In all those analyses, we have removed authors who have not published a paper in the past 3 years or who have fewer than 5 papers in total. This is to avoid that the higher percentage of dropouts among women pulls down the female average.
One of the most-frequent questions I get when I speak about our bibliometric stuff (not only this, but also our earlier works) is what are my own scores on the various indices. I usually answer this question with “I don’t know.” We don’t dig around in the data and look for familiar names. Once we have identified all of an author’s papers, we treat authors as numbers, and besides this, you don’t normally browse data tables with millions of entries.
Having said this, I have come to understand that people ask this question to figure out what are my stakes, and if I do not respond, they think I have something to hide. Let me therefore just show you what my curve looks like if you look at the index that Strumia has considered (ie the number of citations divided by the number of authors, summed up over time) because I think there is something to learn from this.

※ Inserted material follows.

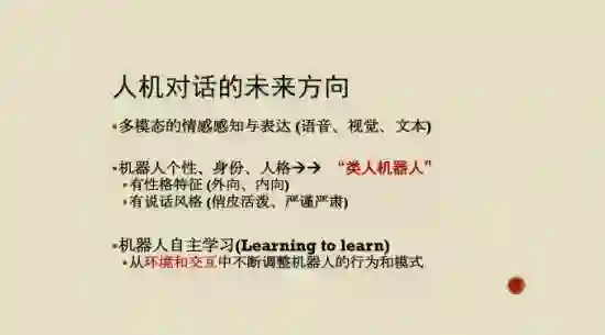 人机对话的未来方向,比如怎么去做类人机器人,你如何教会机器人学习记忆的时候,也在不断累积它的知识,这是很有意思和挑战的事。

(This is the figure from the Inspire-data.)
Besides hoping to erase the impression that I have a hidden agenda, the reason I am showing you this is to illustrate that you have to be careful when interpreting bibliometric measures. Just because someone scores well on a particular index doesn’t mean they are hugely successful. I am certainly not. I am 42 years old and have a temporary position on a contract that will run out next year. I may be many things, but successful I am not.
The reason I do well on this particular index is simply that I am an anti-social introvert who doesn’t like to work with other people. And, evidently, I am too old to be apologetic about this. Since most of my papers are single-authored, I get to collect my citations pretty much undiluted, in contrast to people who prefer to work in groups.
I have all reason to think that the measure Strumia proposes is a great measure and everyone should use it because maybe I’d finally get tenured. But if this measure became widely used, it would strongly discourage researchers from collaborating, and I do not think that would be good for science.
The take-away message is that bibliometric analysis delivers facts but the interpretation of those facts can be difficult.
This research was supported by the Foundational Questions Institute.